Artificial Intelligence heralds a more eco-friendly cement industry
In a groundbreaking development, researchers at the Paul Scherrer Institute (PSI) in Switzerland have unveiled an AI-based model that promises to significantly reduce the carbon footprint of cement production. Originally published by Cosmos under the title "AI paves the path for greener cement", this innovative approach utilizes a "digital cookbook" approach to expedite the discovery of low-carbon cement recipes.
The heart of this AI model lies in its machine learning techniques, specifically neural networks trained on thermodynamic data. These networks predict how different mineral combinations will perform in terms of mechanical strength and CO2 emissions. To further optimize the cement formulations for both strength and low emissions, genetic algorithms are employed, allowing the AI to simulate thousands of ingredient combinations and identify recipes that meet specific criteria, such as reduced CO2 emissions without compromising material quality.

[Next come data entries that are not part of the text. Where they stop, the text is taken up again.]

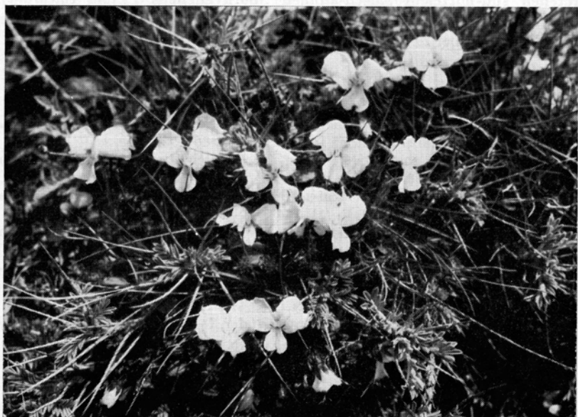
Fig. 7. Gelblichweiße Blüten des Ätna-Veilchens ( Viola aetnensis ) zwischen den Rhachisdornen des Sizilischen Dorntragants; etwa \frac{1}{1} nat. Gr. — 23. April 1963.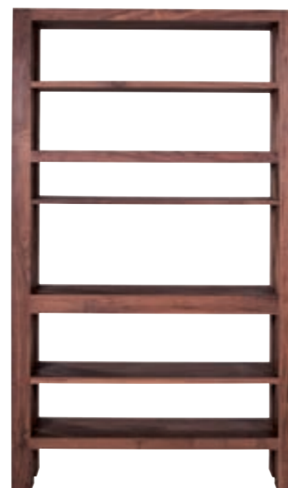
41100 - rack 116 x 40 x 200 cm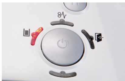
La machine s'éteindra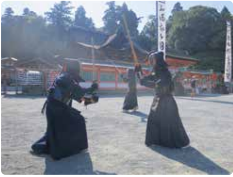
小学生から高校生の剣士達が日頃の鍛練の成果を発揮し熱戦を繰り広げます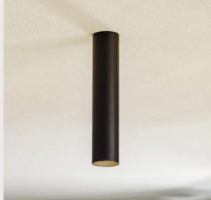
TUBUSOVÉ SVÍTIDLO BEZ ŽÁROVKY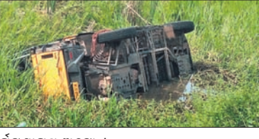
ଘଟଣାସ୍ଥଳରେ ଅଟୋ ।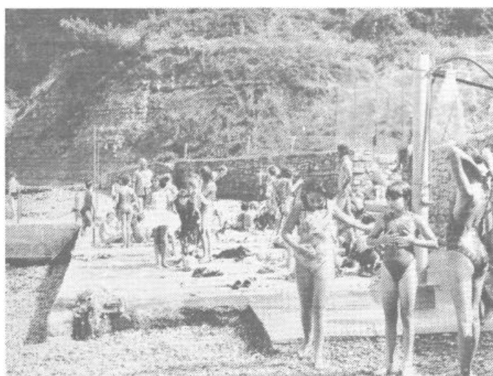
Moji mali prijatelji iz zavoda za slepo in slabovidno mladino so se radi postavili pred fotoaparata! Le naj se pogledajo, kako so se vsak dan odpravljali na kopanje.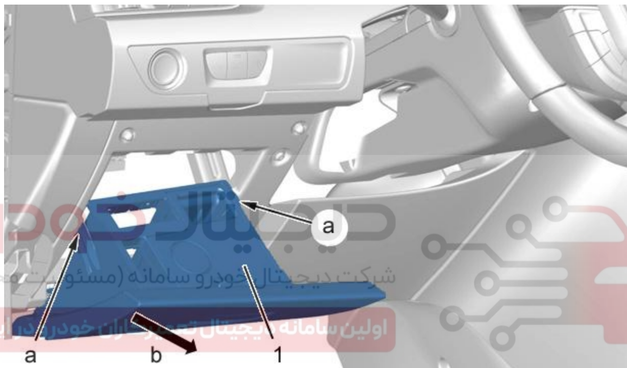
شکل C5FG1DSD :

One of the most significant benefits of this AI model is its speed. Unlike traditional methods that rely on time-consuming experiments or complex simulations, this model can generate practical recipe suggestions within seconds. It acts as a "digital cookbook" for climate-friendly cement, able to calculate mechanical properties around 1,000 times faster than traditional computational modeling.
The AI model, developed by PSI, can also calculate the minerals that form during hardening and the geochemical processes for various cement formulations. This information is crucial in modifying the cement recipe itself, such as replacing some of the clinker with alternative cementitious materials, thereby reducing the carbon footprint associated with traditional cement production.

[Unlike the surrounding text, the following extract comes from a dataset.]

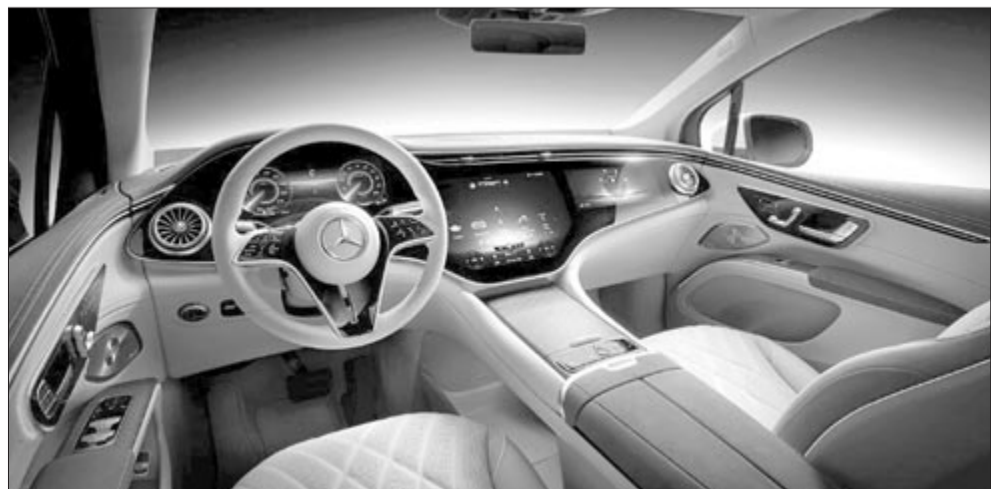
Mercedes-Benz beltér, illusztráció

Adalék a történehez, hogy a Mercedesnél a nagy kijelzők korszaka valahol az EQ-széria bevezetésénél kezdett elharapódzni. Bár annak már hivatalosan vége, az olyan potens újdonságok, mint a CLA, a GLC vagy a GLB szintén nem úszták meg a nagy kijelzőket, sőt, egyre több és egyre nagyobb panelek kerülnek az autókba az MBUX Super Screen név alatt. A legutóbb a Mercedes ezt a frissen bemutatott C osztállyal emelte ismét váratlan magaslatokba.

The research, published in the journal Materials and Structures, is part of the Swiss Centre of Excellence on Net Zero Emissions (SCENE) Project. John Provis, head of the Cement Systems Research Group at PSI, compares the research to doing geology in fast motion.
While the researchers have discovered many promising candidates for new cement recipes, these materials now need to be tested in a laboratory before they can be used in the construction industry. The team at PSI's Centre for Nuclear Engineering and Sciences is also exploring strategies to modify the cement recipe's molecules as a means to further reduce emissions.
The production of cement, a main ingredient in concrete, emits large amounts of carbon dioxide (CO2) into the atmosphere. Given that concrete is the most widely used material worldwide, according to the Royal Society of Chemistry, the potential impact of this AI-based model could be substantial. Indeed, the cement industry is responsible for around 8% of global CO2 emissions, making this research a significant step towards a more sustainable future.
Nikolaos Prasianakis, who initiated the study, states that this is just the beginning of the research. The AI model's ability to generate practical recipe suggestions for climate-friendly cement within seconds, reducing the need for extensive lab testing, offers enormous research time savings, making it a very promising approach for all sorts of material and system designs.
This AI model, developed by the Paul Scherrer Institute (PSI), utilizes machine learning techniques and genetic algorithms to expedite the discovery of low-carbon cement recipes, acting as an "environmental-science" solution for reducing CO2 emissions in cement production. The model, which demonstrates faster calculations compared to traditional computational modeling, could potentially revolutionize the cement industry, a significant contributor to climate-change, due to its ability to generate practical recipe suggestions within seconds and offer research time savings.